Dal punto di vista nazionale, la Croce Rossa Italiana è nel pieno di un processo storico di riforma che è anche e soprattutto un cambiamento culturale e di mentalità per poter rispondere sempre più concretamente e attivamente alle nuove sfide umanitarie del Terzo millennio. Una riforma che ovviamente non deve passare sopra le pelle dei nostri dipendenti, risorsa fondamentale per l’Associazione, risorsa che deve essere ancora più valorizzata nella Croce Rossa che sta tornando pienamente nelle mani dei volontari. Una sinergia volontario-dipendente che deve essere e sarà pietra angolare del nostro lavoro quotidiano.
In Italia, registro con soddisfazione il moltiplicarsi di attività sociali, di assistenza ai nuovi poveri, ma anche di impegno quotidiano per far sentire all’interno della comunità, quelle persone che troppe volte vengono messe ai margini e per lavorare sull’integrazione e sulla cultura della non violenza. Come è importantissimo l’impegno portato avanti dalla CRI sulle nuove dipendenze, le campagne contro le slot machine, contro quel tipo di gioco tanto in voga in periodo di crisi e che distrugge ancora di più il tessuto sociale, trovando linfa vitale tra i più disperati.
Ovviamente abbiamo anche continuato il nostro intervento in emergenza, tra cui voglio ricordare l’impegno in seguito alle alluvioni che hanno colpito la Sardegna e le Marche. Emergenze che ci fanno sempre più riflettere sull’importanza di lavorare sulla resilienza, sulla preparazione delle comunità stesse per rispondere a sempre più frequenti disastri naturali. Emergenze che ci obbligano ad agire sul fronte dei cambiamenti climatici, in un mondo in cambiamento al quale ci dobbiamo far trovare pronti.

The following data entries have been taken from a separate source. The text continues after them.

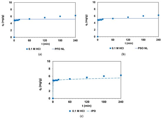 The time required to reach system equilibrium was above 240 min for TP220 [], whereas in the case of other adsorbents the qt values remained at a similar level at 1 min as well as at 240 min of phase contact time. As pointed out by Uzun and Guzel [], the time required to reach equilibrium (teq) during the Ni(II), Mn(II), Fe(II), Cu(II) adsorption on Merck 2514 activated carbon was equal to 134 h for Ni(II) (m = 1 g, V = 50 mL, C0 = 200 mg/L, 140 rpm) whereas during the Ni(II) adsorption on raw and modified Filtrasorb-400 by potassium bromate teq = 120 min (V = 400 mL, 1000 rpm) []. Adsorption of Ni(II) or separation was also carried out on ion exchange, resins e.g., Amberlite IRA-900 and a novel silica-based anion exchanger, AR-01 (Co(II), Ni(II) and Cu(II) from the nitrite solution) [], anion exchange Amberjet™ 4200 Cl and cation exchange Amberjet™ 1200 H [], anion exchanger D301R [], and chelating Purolite S950 resin [], but the time required to reach the system equilibrium was not determined. Adsorption of Ni(II) in the presence of complexing agents on the polyacrylate anion exchangers Amberlite IRA 458, Amberlite IRA 958 and Amberlite IRA 67 showed that the curve kinetics reached the plateau at the time greater than 30 min []. Effect of acid concentration were not observed in the HCl or HCl/HNO3 systems. The qt values were similar to those of the adsorption capacities in all examined aqueous solutions. Adsorption of Co(II), Ni(II), and Cu(II) from the nitrite solutions by anion exchangers was insignificant at the nitrite concentrations below 0.1 M, and then very slight increase in Ni(II) adsorption with the increasing concentration of nitrate ions was observed []. The experimental results obtained during the Ni(II) adsorption on S984, A830, SR7, A400TL, PSR2, PSR3 and AF5 adsorbents were modelled using the pseudo-first-order (PFO), pseudo-second-order (PSO), and intraparticle diffusion (IPD) kinetic models (Equations (2)–(4)). Taking into account the shape of kinetic curves and the arrangement of the experimental points, it was possible to calculate kinetic parameters at 0.1 M HCl using TP220 which exhibited the highest %R and adsorption capacity. The kinetic parameters were calculated and based on error analysis such as Marquardt’s percent standard deviation, determination coefficient, and adjusted R-squared values; then, the best fitted model was proposed. The obtained kinetic parameters as well as the errors values are collected in Table 4, whereas the fitting plots are presented in Figure 6. The mechanism of Ni(II) adsorption depends on the structure and functional groups of the adsorbent as well as on the physicochemical characteristics of the solute and adsorbent. The pseudo-first-order and pseudo-second-order kinetic models were based on the different assumption: PFO on the physisorption process, and PSO on the chemisorption process [,].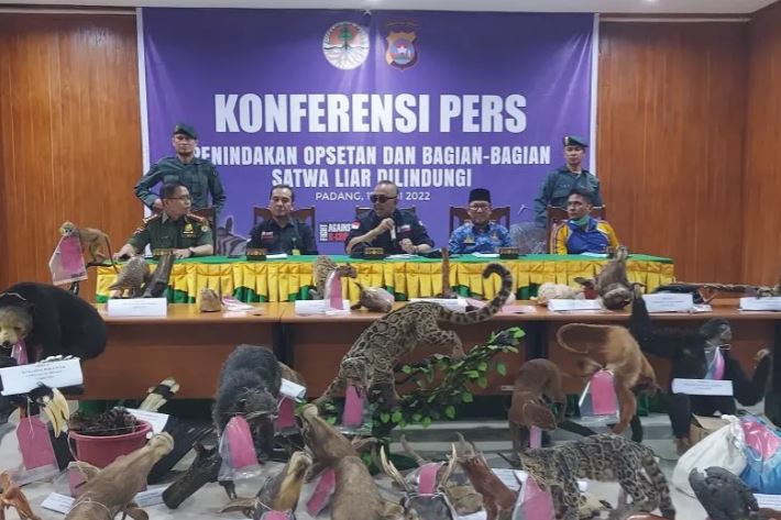 Sustyo diamankan bersama barang bukti berupa 30 jenis bagian tubuh satwa yang dilindungi Undang-Undang. “Pelaku selanjutnya diamankan dan diperiksa oleh Penyidik Gakkum LHK, sedangkan barang bukti dititipkan dan dilakukan identifikasi jenis oleh Balai KSDA Sumatera Barat,” kata Sustyo di Padang, Jumat (17/6/2022).
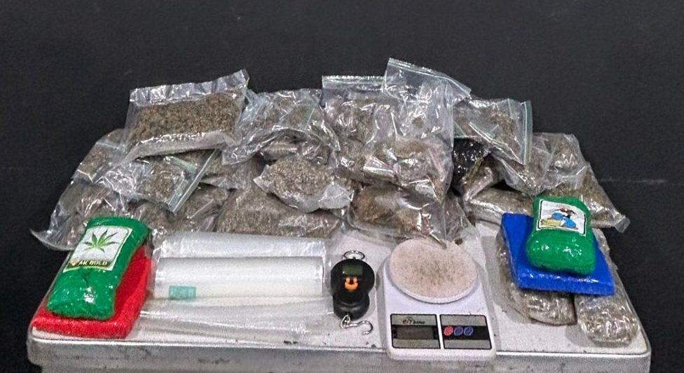 Após a moradora franquear a entrada, a equipe realizou buscas no imóvel, quando foram localizados 31 tabletes de maconha escondidos no sofá do quarto, totalizando 4,87 quilos da droga. Além disso, foram apreendidos 95 sacos plásticos tipo zip lock, dois rolos de embalagem a vácuo e duas balanças digitais de precisão, todos materiais utilizados na preparação e venda do entorpecente.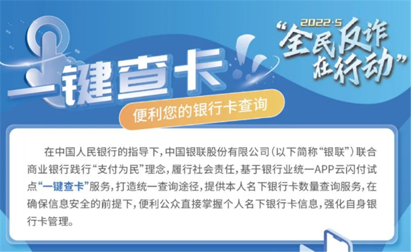 為解決群眾對(duì)于跨行銀行卡賬戶查詢的訴求,2021年12月,人民銀行指導(dǎo)中國(guó)銀聯(lián)股份有限公司聯(lián)合商業(yè)銀行基于銀行業(yè)統(tǒng)一APP云閃付試點(diǎn)“一鍵查卡”功能,打造統(tǒng)一查詢途徑,向公眾提供銀行卡數(shù)量、每張卡的銀行名稱、借貸記屬性、脫敏卡號(hào)等信息的查詢,在確保信息安全的前提下,便利公眾直接掌握個(gè)人名下銀行卡信息,強(qiáng)化自身銀行卡管理。
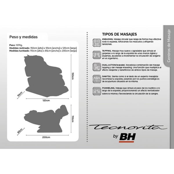 - Masaje kneading: Masaje circular que relaja de forma muy efectiva toda la espalda, reforzando los músculos y aflojando tensiones.

La Croce Rossa è in prima fila anche sulla questione dei flussi migratori: più di 30mila migranti sono arrivati in Italia, il confine sud dell’Europa, dal primo gennaio 2014 a oggi. I nostri volontari e operatori sono quotidianamente impegnati nell’assistenza e nell’accoglienza a chi scappa da guerra e fame. Purtroppo abbiamo dovuto drammaticamente registrare anche alcune tragedie in mare, con barconi rovesciati e centinaia di morti. E’ per questo che sosteniamo con forza la richiesta di corridoi umanitari e di un piano di accoglienza europeo: solo così si potrà garantire un accesso sicuro ai migranti e contemporaneamente combattere i trafficanti di uomini.

A livello internazionale, non posso non ricordare che nell’introduzione dell’anno scorso avevo già ricordato le gravissime violazioni del diritto internazionale umanitario in Siria. Quest’anno devo purtroppo aggiornare il numero dei volontari uccisi: sono 34 quelli della Mezzaluna Rossa Siriana e 5 quelli della Mezzaluna Rossa palestinese che hanno perso la vita mentre prestavano l’opera di soccorso. Un fatto gravissimo che ci fa chiedere a gran voce il rispetto dell’emblema e l’accesso sicuro e incondizionato ai feriti e ai vulnerabili. Tutto questo mentre il conflitto armato in Siria è entrato nel quarto anno e purtroppo ancora non si vede una via di uscita, con milioni di sfollati interni e di profughi nelle nazioni confinanti. Anche in questo caso il ruolo del Movimento Internazionale di Croce Rossa e Mezzaluna Rossa è fondamentale: diplomazia umanitaria e pressioni nei confronti dei governi per arrivare a una soluzione che passi tramite la diplomazia e non le armi.